【粗雑】中国ペット露店市場を激写!
環境省が2012年6月に施行を目指す動物愛護法改正案では、ペットの夜間販売などが規制されることとなった。また、子猫や子犬を何歳から販売可能にするかについては、動物愛護団体とペット業界の団体が激しく対立している。しかし、EUなど先進国に比べると、日本のペット販売に関する環境はまだまだ法整備が進んでいないのが現状だ。
一方、近年爆発的なペットブームが到来している中国の販売事情はどうなっているのか。2010年、中国全土で飼われているペットの総数は1.5億匹(熱帯魚や鳥も含む)に及び、関連産業は400億元(約5000億円)規模にもなるという。当局は増えすぎるペットに関して様々な規制を設け、上海市や広州市など都市部では「一家に1匹」制度を導入、さらに隣人による承認制度やペット身分証の発行もおこなっている。
しかし、そんな中国でも販売に関しては“無法状態”だ。取材班が訪れたのは広州市内にある清平路と呼ばれるペット市場。広州駐在日本人によると、「昔は犬猫、ハクビシンなどの食用動物がペットと併売されていたが、新型肺炎SARSの流行で、食用動物に関しては当局によりここで売るのは規制されてしまった」と言う。
現地には、ハムスター、うさぎ、犬、猫、熱帯魚、亀、トカゲ……あらゆるペットが狭いカゴや箱に入れられ、粗雑に並んでいる。店の軒先や露天で売られている光景はなかなかインパクトがある。そして道行く見物客は、勝手にカゴから出して触ったり、子供がフザけていじめていたりとやりたい放題。
ここで、驚くべき光景に遭遇! なんと自転車のカゴに子猫を入れたオッサンがやってきて、カゴから一匹づつ子猫をつまみ出し、無造作に路上のペット業者に渡しているではないか。この子猫は盗まれてきたのか、さらって来られたのか知る由もないが、胡散臭さは半端ではない。子猫を4~5匹渡すと、ペット業者はオッサンにお金を渡した。素早い動作だったので正確な金額はわからなかったが、10元札が数枚だった(日本円にして500円前後)。一匹、約100円で仕入れられたこの子猫の売値を聞いてみると、120元(約1500円)という価格が返ってきた。交渉すれば、1000円くらいにはなるのかもしれない。

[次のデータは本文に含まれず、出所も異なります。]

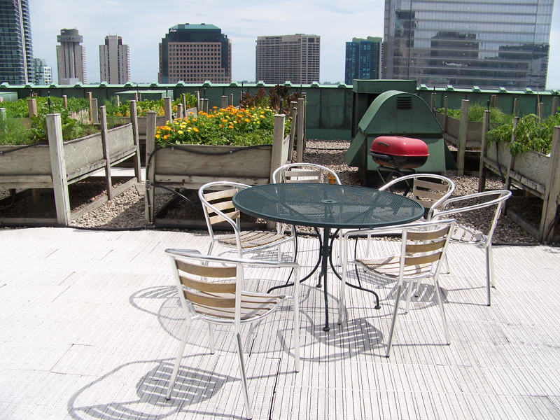 Pour le chef-cuisinier David Garcelon, les herbes aromatiques sont faciles à cultiver et idéales pour les balcons. Le jardin de l’hôtel a été créé en 1998 au 18ème étage, avec 17 plates-bandes et 23 pots qui permettent de cultiver aussi bien des herbes aromatiques – thym citron, ciboulette, romarin – que des légumes comme des haricots rouges par exemple, ou encore des tomates-cerises, des baies arctiques et des poiriers. À l’été 2008, David Garcelon a également installé une ruche - plusieurs ruches produisent maintenant un miel primé. Le jardin est équipé de composteurs et un tout petit vignoble y a même été planté. Le jardin d’herbes aromatiques a reçu un prix du programme environnemental de la ville, qui a salué l’idée d’une production employée au restaurant de l’hôtel. En été, les visites hebdomadaires sont devenues une attraction.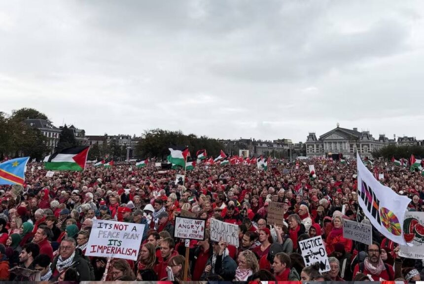 شهدت العاصمة الهولندية أمستردام، اليوم (الأحد)، مسيرة احتجاجية هائلة شارك فيها نحو 250 ألف شخص، وفقاً لتقديرات المنظمين والشرطة المحلية، مطالبين الحكومة الهولندية باتخاذ موقف أقوى ضد الحرب الإسرائيلية في غزة.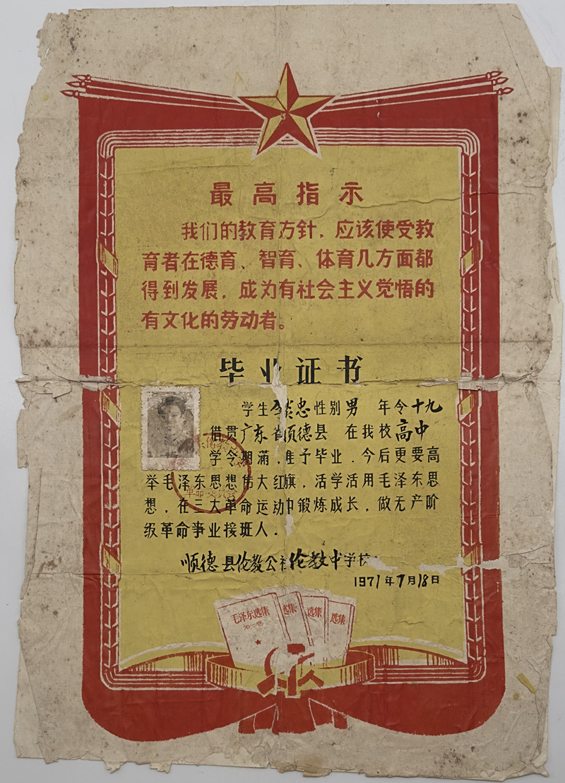 1971年李炎忠先生伦教中学毕业...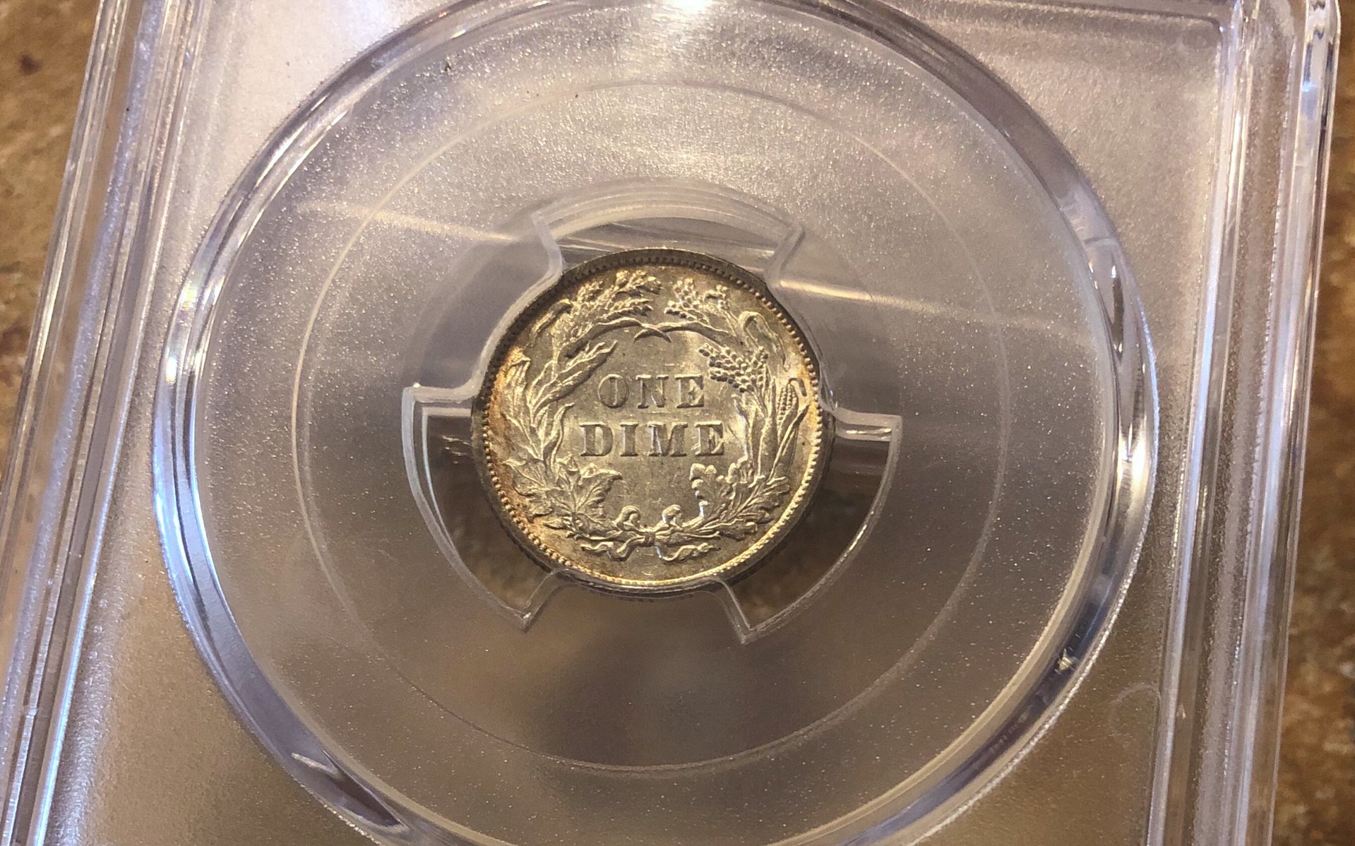 I think it would come back 58 again; I don’t personally think it is chewed up looking enough for 60 so if anything it might come back at 62 if I dipped it briefly (the skin is thick and I see a lot of hidden luster beneath it in-hand) but I like it right where it is. The coin circulated briefly, should be AU58.
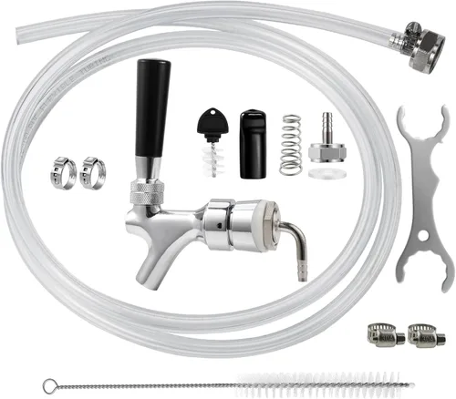 Kit completo de repuesto Kegerator: el kit de grifo de vástago de cerveza MRbrew Draft incluye todo lo que necesitas para actualizar o reemplazar tu sistema de dispensación Kegerator. Este conjunto completo cuenta con un grifo de cerveza de cuerpo de latón de núcleo inoxidable, línea de cerveza, mango de grifo, resortes de cierre automático de grifo de cerveza, vástago de cerveza de púas de 1/4 pulgadas con cuello, arandela de sellado, tuerca hexagonal, ajuste de pieza de cola de 1/4 pulgadas, llave de grifo de cerveza, cepillo de limpieza de grifo de cerveza y cubierta antipolvo, abrazaderas de manguera. Perfecto para sistema dispensador de grifo de barril acoplador casero y sankey. El resorte de cierre automático evita el desperdicio y derrames de cerveza: nuestro resorte de grifo de cierre automático de acero inoxidable incluido garantiza que el grifo de cerveza se cierre automáticamente, minimizando el desperdicio de cerveza y manteniendo su estación limpia. Nota crítica de instalación: Para un rendimiento óptimo, orientar el resorte con el extremo estrecho que mira hacia el grifo → torre orientada hacia el extremo ancho. Fácil instalación en la torre de cerveza: configuración sin complicaciones: conecta la línea de cerveza al vástago y aprieta la abrazadera de manguera de una sola vez → Alimenta la línea de cerveza a través del agujero de la torre de cerveza, luego desliza la arandela blanca y la tuerca hexagonal → Asegure el vástago del grifo de cerveza a la torre con alicates de llave para un sello sin fugas, configuración rápida con un ajuste apretado y profesional. Sello sin fugas con materiales de grado alimenticio: las roscas estándar y las arandelas de goma resistentes al desgaste integradas garantizan un sellado hermético y a prueba de fugas cuando se aseguran con la llave de grifo incluida. Hecho de materiales sin olor y de grado alimenticio para preservar el sabor auténtico de tu cerveza, esta configuración ofrece un vertido limpio y confiable, ¡mejorando tu experiencia general en torres de cerveza! Soporte posventa dedicado: En MRbrew, la satisfacción del cliente es nuestra prioridad. Si tiene alguna pregunta o inquietud sobre las piezas de repuesto de la torre Kegerator, simplemente comuníquese con nosotros, y nuestro equipo está aquí para ayudarlo incansablemente.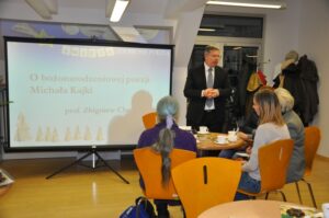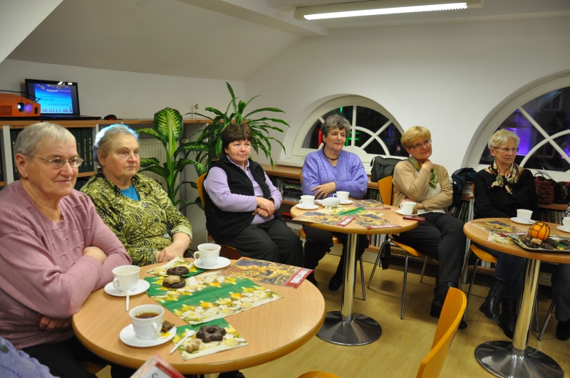 Aby nieco przybliżyć naszym użytkownikom wiedzę na temat bożonarodzeniowej twórczości Kajki oraz spędzić przedświąteczny czas w miłym gronie, WBP zaprosiła do Pokoju z widokiem specjalistę od poezji Michała Kajki, prof. Zbigniewa Chojnowskiego, który podczas krótkiej prelekcji opowiedział w ciekawy sposób nie tylko o samym poecie, ale przede wszystkim o jego twórczości. Uzbrojeni w tę wiedzę uczestnicy zajęć przeszli do ich drugiej części, której celem było stworzenie bożonarodzeniowych ozdób udekorowanych wersetami autorstwa Kajki. W wykonaniu tego zadania pomogły Anita Romulewicz i Agata Kulbicka, które wprowadziły uczestników warsztatów w techniki ozdabiania przedmiotów metodą shabby chic i decoupage. Kiedy już warsztaty dobiegły końca, wszyscy uczestnicy zostali zaproszeni do atrium, by dopiero co wykonanymi ozdobami przyozdobić choinkę. Do Pokoju z widokiem zawitał także niezapowiedziany, brodaty gość w czerwonej czapce, który przyniósł słodkie podarunki. Takim oto sposobem w Wojewódzkiej Bibliotece Publicznej powstała choinka zdobiona poezją Michała Kajki. Drzewko można było oglądać i „czytać” przez cały okres świąteczny. Jeżeli koś jednak nie zdążył, to zapraszamy do Wypożyczalni, gdzie wiersze Michała Kajki są dostępne przez cały rok. |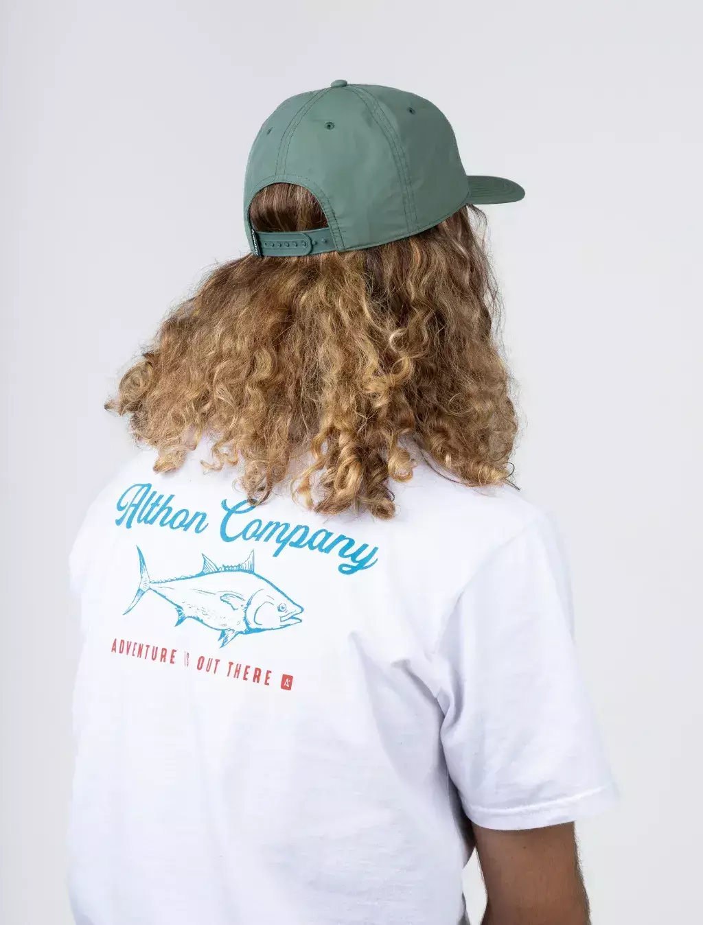 Cap 5 paneles con visera plana realizado en nylon. Snapback al tono con grifa Althon. Bordado plano “Althon co.” a 1 color. Vivo Althon en interior para terminacion de costuras y etiqueta en interior.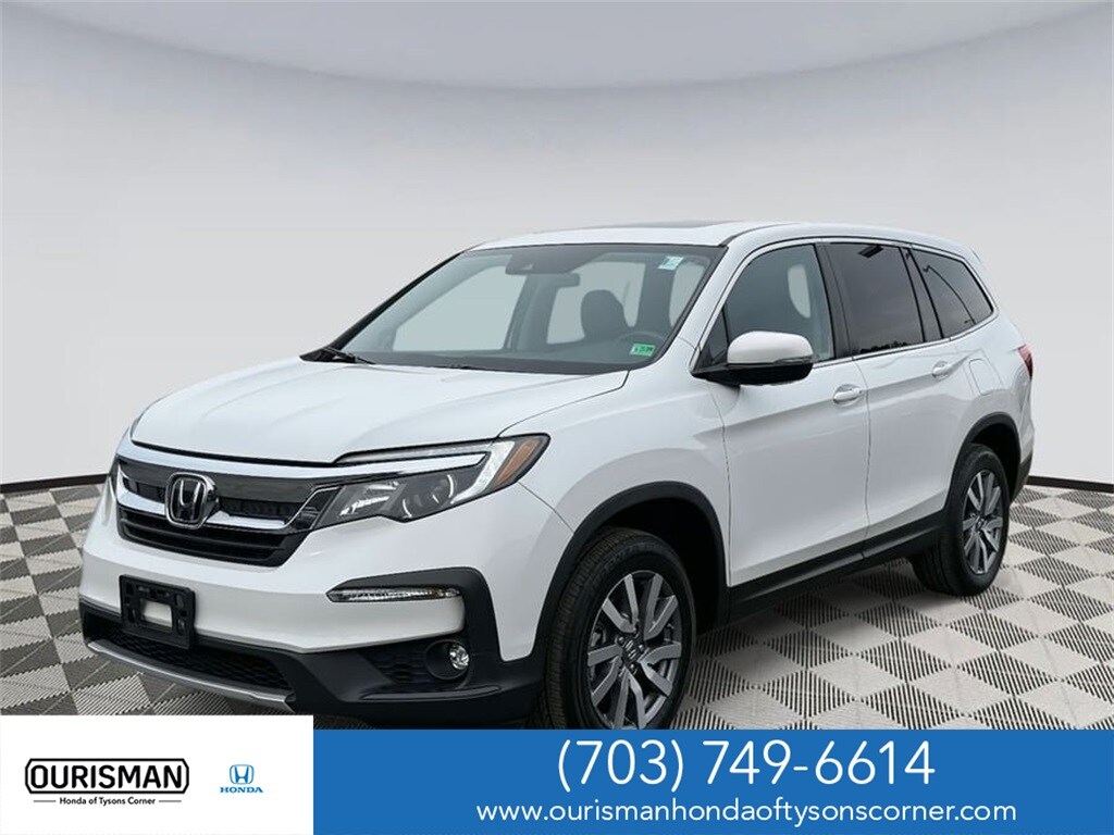 ONE OWNER, CLEAN CARFAX, HONDA SENSING, LIKE NEW, DEALER WARRANTY INCLUDED!, AWD, 18" Machine-Finished Alloy Wheels, 3rd row seats: split-bench, 4-Wheel Disc Brakes, 4.33 Axle Ratio, 7 Speakers, A/V remote: CabinControl, ABS brakes, Air Conditioning, Alloy wheels, AM/FM radio: SiriusXM, Apple CarPlay/Android Auto, Auto High-beam Headlights, Auto-dimming Rear-View mirror, Automatic temperature control, Blind Spot Information (BSI) System warning, Brake assist, Bumpers: body-color, Delay-off headlights, Driver door bin, Driver vanity mirror, Dual front impact airbags, Dual front side impact airbags, Electronic Stability Control, Emergency communication system: HondaLink Assist, Exterior Parking Camera Rear, Forward collision: Collision Mitigation Braking System (CMBS) + FCW mitigation, Four wheel independent suspension, Front anti-roll bar, Front Bucket Seats, Front Center Armrest, Front dual zone A/C, Front fog lights, Front reading lights, Fully automatic headlights, Garage door transmitter: HomeLink, Heated door mirrors, Heated Front Bucket Seats, Heated front seats, Illuminated entry, Lane departure: Lane Keeping Assist System (LKAS) active, Leather Seat Trim, Low tire pressure warning, Memory seat, Occupant sensing airbag, Outside temperature display, Overhead airbag, Overhead console, Panic alarm, Passenger door bin, Passenger vanity mirror, Power door mirrors, Power driver seat, Power Liftgate, Power moonroof, Power passenger seat, Power steering, Power windows, Radio data system, Radio: 215-Watt Audio System, Rear air conditioning, Rear anti-roll bar, Rear reading lights, Rear seat center armrest, Rear window defroster, Rear window wiper, Reclining 3rd row seat, Remote keyless entry, Security system, Speed control, Speed-sensing steering, Speed-Sensitive Wipers, Split folding rear seat, Spoiler, Steering wheel mounted audio controls, Tachometer, Telescoping steering wheel, Tilt steering wheel, Traction control, Trip computer, Turn signal indicator mirrors, Variably intermittent wipers. 2021 Honda Pilot EX-L AWD Platinum White Pearl 3.5L V6 24V SOHC i-VTEC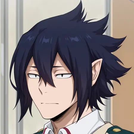 Tamaki Amajiki, hair between eyes, pointy ears, dark blue hair, black eyes
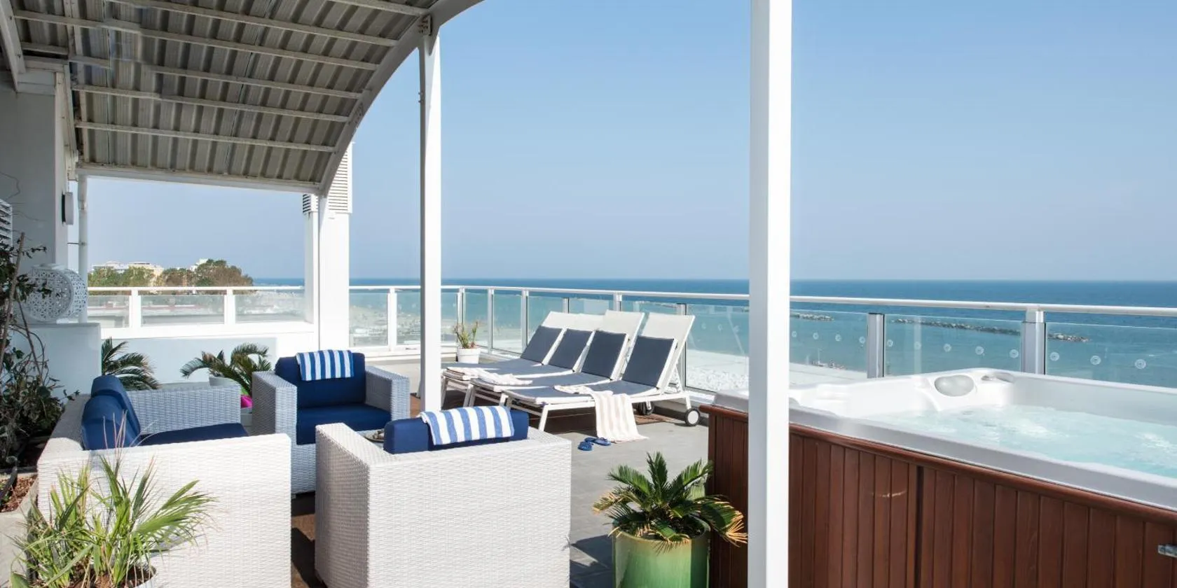Mit Blick auf den Strand bietet die Unterkunft Miami Suite mit 4 Sternen Übernachtungsmöglichkeiten in Bellaria-Igea Marina und hat kostenlose Fahrräder, einen Garten und eine Gemeinschaftslounge.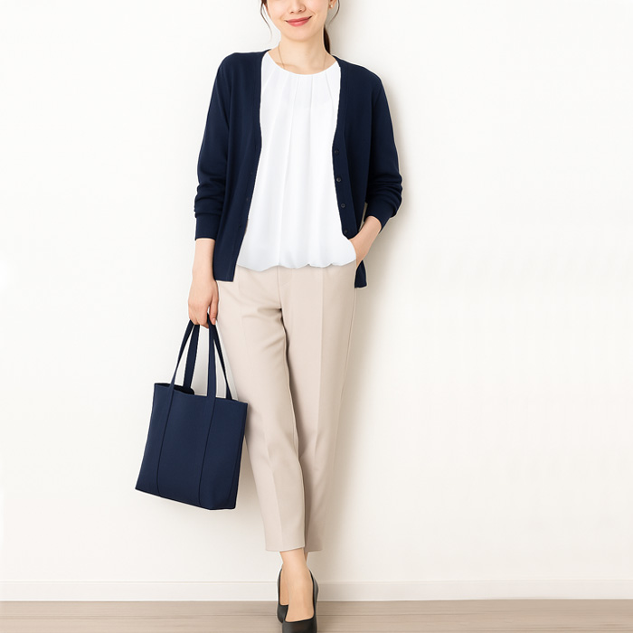 普段使いにはもちろん、通勤スーツのインナーやオフィスカジュアルなどのビジネスシーンにも活躍します。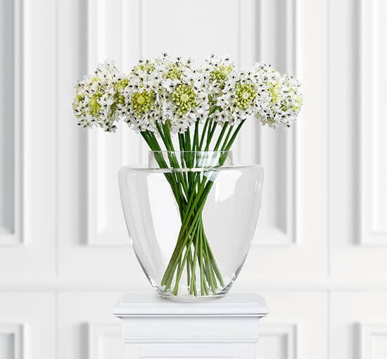 Denna naturtrogna Arabicum har vackra vita blommor med mörka detaljer som ger en sofistikerad och modern touch till din inredning. Perfekt för buketter eller som en solitär i en elegant vas.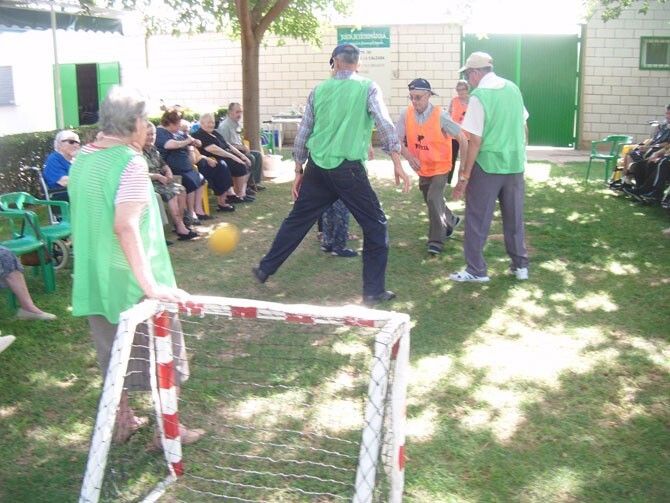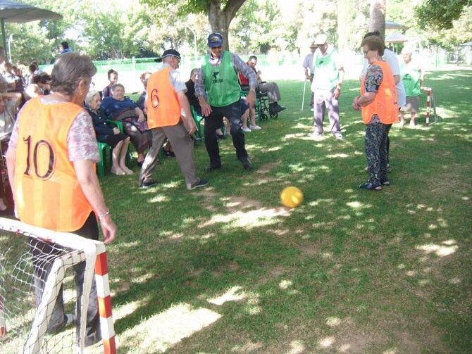 Tres contra tres detrás de un balón para intentar colarlo dentro de una portería y cantar gol, eso es lo que persiguieron las personas mayores del Centro de Día de Puebla de la Calzada los días 7 y 8 de julio en las instalaciones de la Piscina Municipal.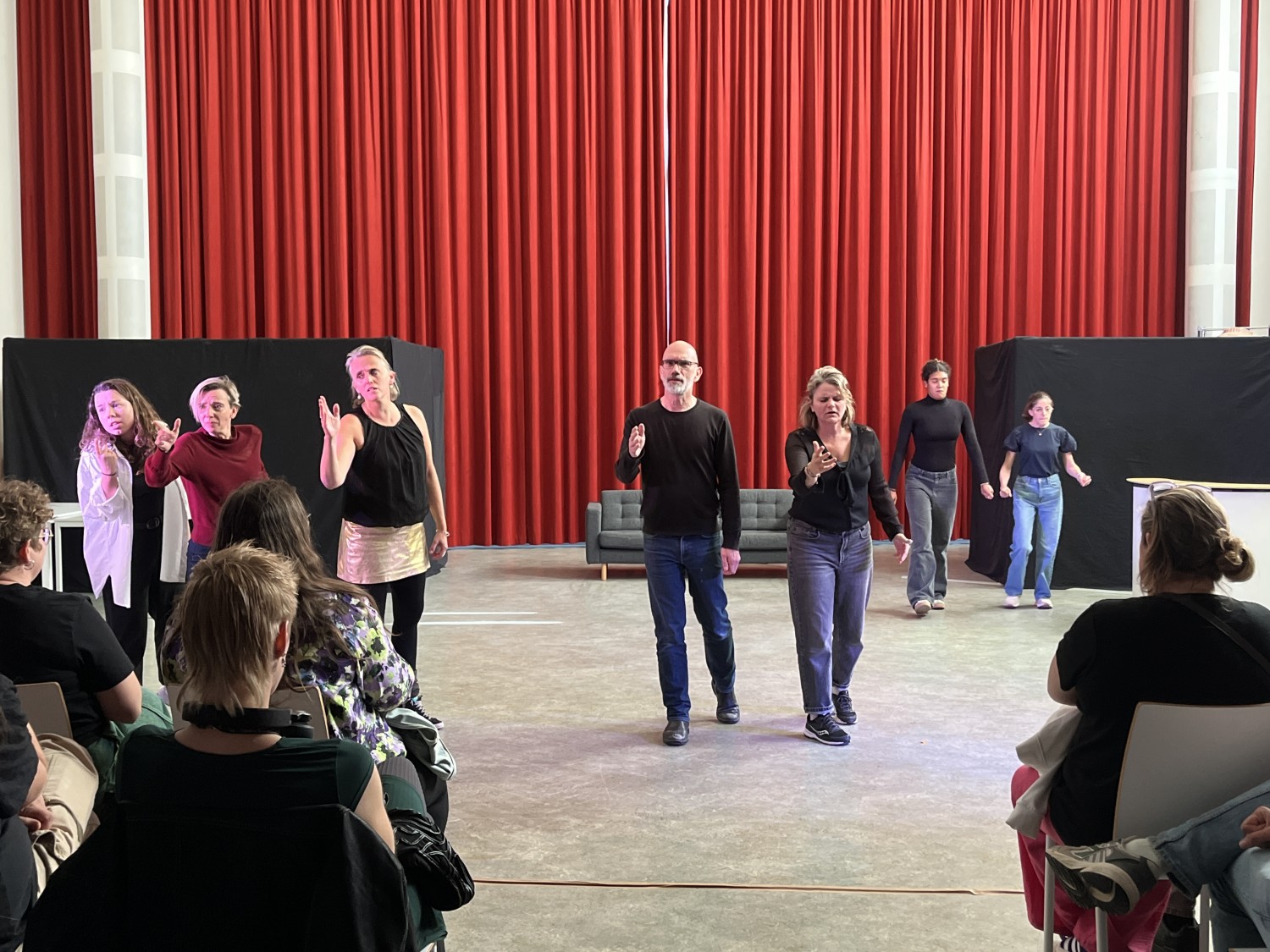 Voor wie De Afzondering nog niet kent: op vrijdagavond stapt een groep spelers een toneelzaal in het Gentse binnen, en op zondagmiddag speelt men - dit keer met regie van Stefanie De Pauw en Jo Verhenne - het kersverse stuk voor publiek.

動物愛護団体が見たら卒倒しそうな中国のペット市場事情だが、中国の質問系サイトには「清平路で買った子猫がエサを食べず、寝てばっかりで動かない」などの質問も寄せられており、病気にかかった動物や、生まれつき障がいのあるペットが売られているとの声もある。こうした中国の粗雑なペット販売はいつまで続くのだろうか?